On Mon, Dec 23, 2019 at 10:47 AM D. Rizopoulos <d.rizopoulos using erasmusmc.nl>
wrote:

> GLMMadaptive does support random effects for the zero part model.
>
> The reason why GLMMadaptive is slower is because it implements the
> adaptive Gaussian quadrature for approximating the log-likelihood. This
> approximation is in general considered more accurate (but slower) than the
> Laplace approximation implemented in glmmTMB.
>
> Best,
> Dimitris
>
> —-
> Dimitris Rizopoulos
> Professor of Biostatistics
> Erasmus University Medical Center
> The Netherlands
>
> ------------------------------
> *Από:* Ο χρήστης R-sig-mixed-models <
> r-sig-mixed-models-bounces using r-project.org> εκ μέρους του χρήστη Liming
> Wang <lmwang using gmail.com>
> *Στάλθηκε:* Δευτέρα, Δεκεμβρίου 23, 2019 19:12
> *Προς:* Guillaume Adeux
> *Κοιν.:* R-mixed models mailing list
> *Θέμα:* Re: [R-sig-ME] mixed lognormal hurdle model with multiple
> grouping factors
>
> Hi Guillaume,
>
> The mixed_model in the GLMMadaptive package supports Two-Part Mixed
> Effects
> Model for Semi-Continuous Data (
>
> https://eur01.safelinks.protection.outlook.com/?url=https%3A%2F%2Fdrizopoulos.github.io%2FGLMMadaptive%2Farticles%2FZeroInflated_and_TwoPart_Models.html%23zero-inflated-negative-binomial-mixed-effects-model&data=02%7C01%7Cd.rizopoulos%40erasmusmc.nl%7C94c75233c5084fb99c6908d787d3adf4%7C526638ba6af34b0fa532a1a511f4ac80%7C0%7C1%7C637127215536371685&sdata=cDReHBDB%2FLuHfeM06tARqolihNCpVErMgCcMpyr6BYc%3D&reserved=0).
>
> It doesn't seem to support mixed effect for the zero outcome component
> though.
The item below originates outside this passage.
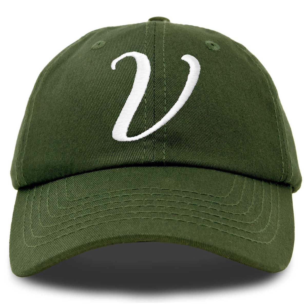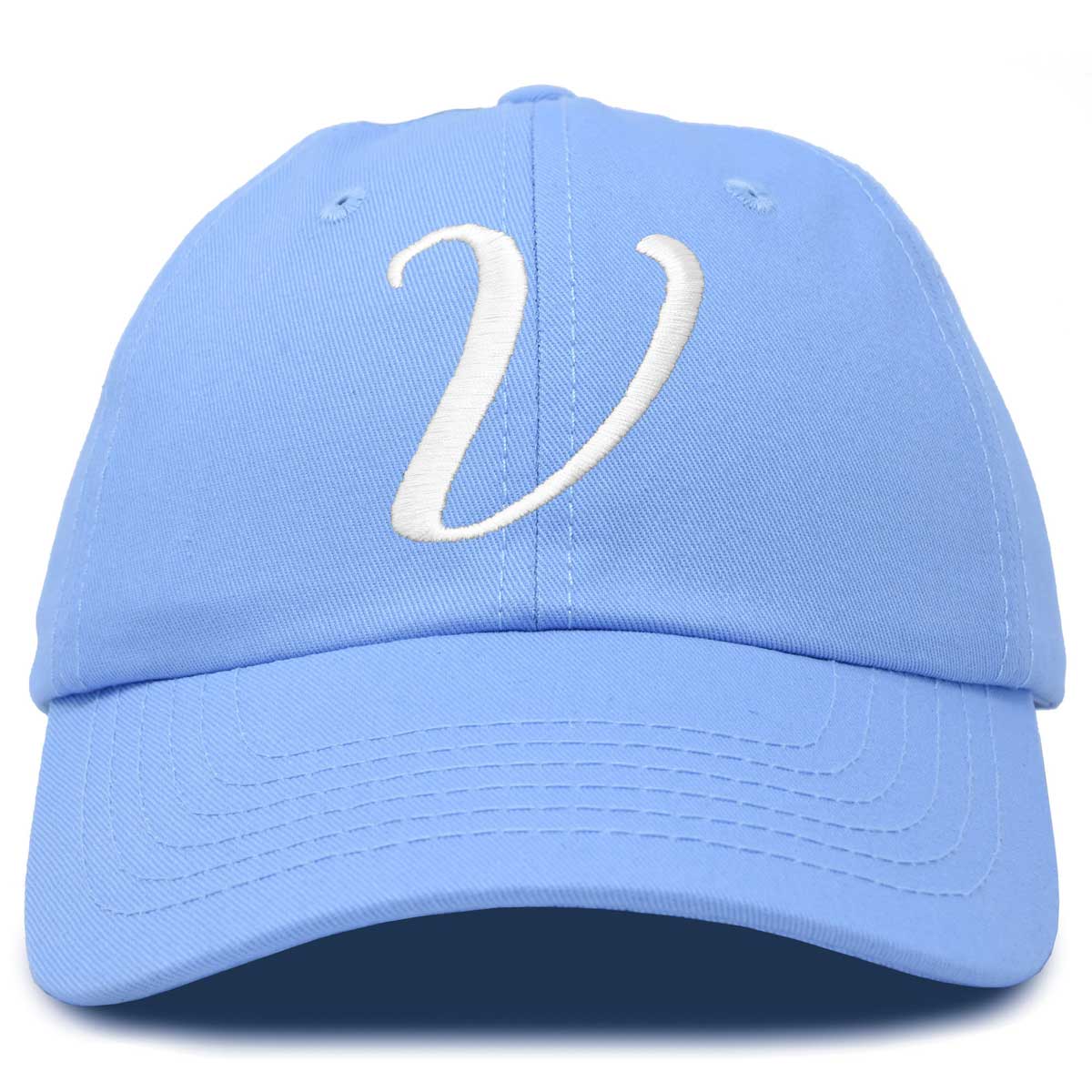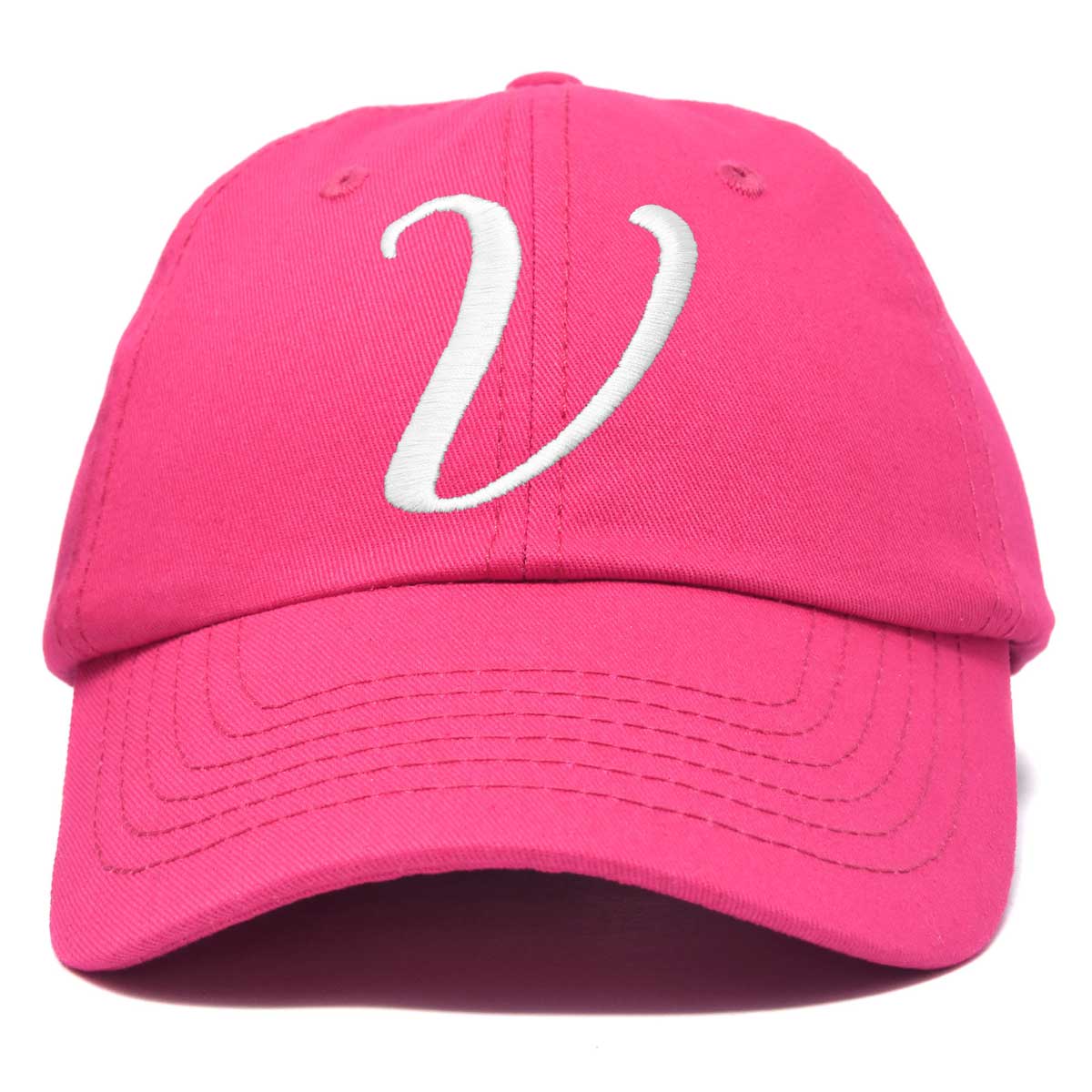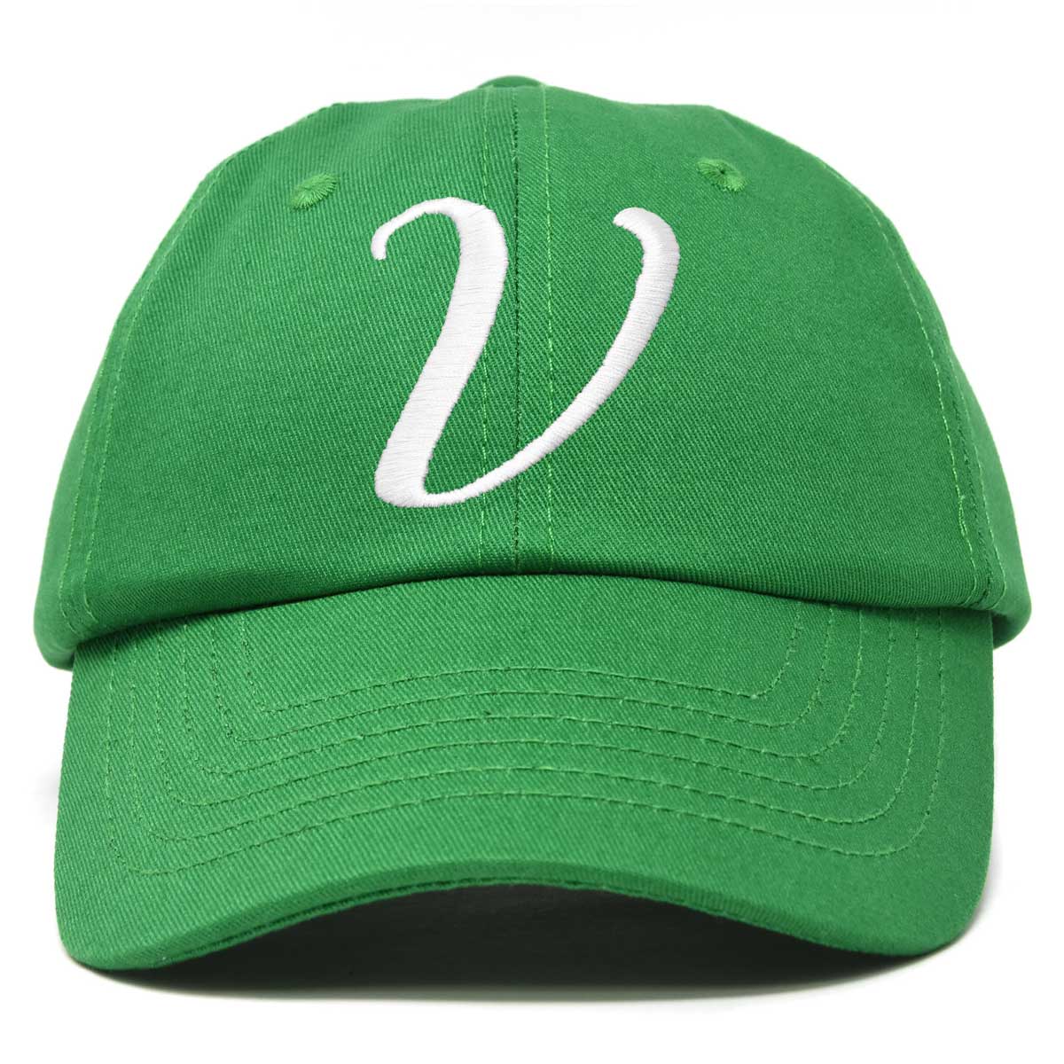 DALIX Initial Letter V Hat, looking for a Hat with a first Initial for your Name, Team, Organization, Friend or Family Member? DALIX has carefully designed and embroidered the best quality letter A-Z initial cotton caps for personal use or gifting. Our personalized custom monogrammed and developed "Ballent" font is one of a kind, and sure to last over time. With our soft padded sweat band, this hat will fit great and gently on your head without aggravating the skin. Features Adjustable Size Buckle Strap, Soft inner sweat band lining.

Another downside is that, since it is written in pure R, it is
> much
> slower than glmmTMB (for similar models).
>
> Liming
>
> On Fri, Dec 20, 2019 at 6:31 AM Guillaume Adeux <
> guillaumesimon.a2 using gmail.com>
> wrote:
>
> > Yes, for now, the most seducing solution has been the following (with
> the
> > brms package):
> >
> >
> >
> fit=brm(bf(H_q~block+syst+(1|plot)+(1|year)+(1|plot:year),hu~block+syst+(1|plot)+(1|year)+(1|plot:year)),data=density,family=hurdle_lognormal(),control
>
> > = list(adapt_delta = 0.999))
> >
> > Family: hurdle_lognormal
> > Links: mu = identity; sigma = identity; hu = logit
> > Formula: H_q ~ block + syst + (1 | plot) + (1 | year) + (1 | plot:year)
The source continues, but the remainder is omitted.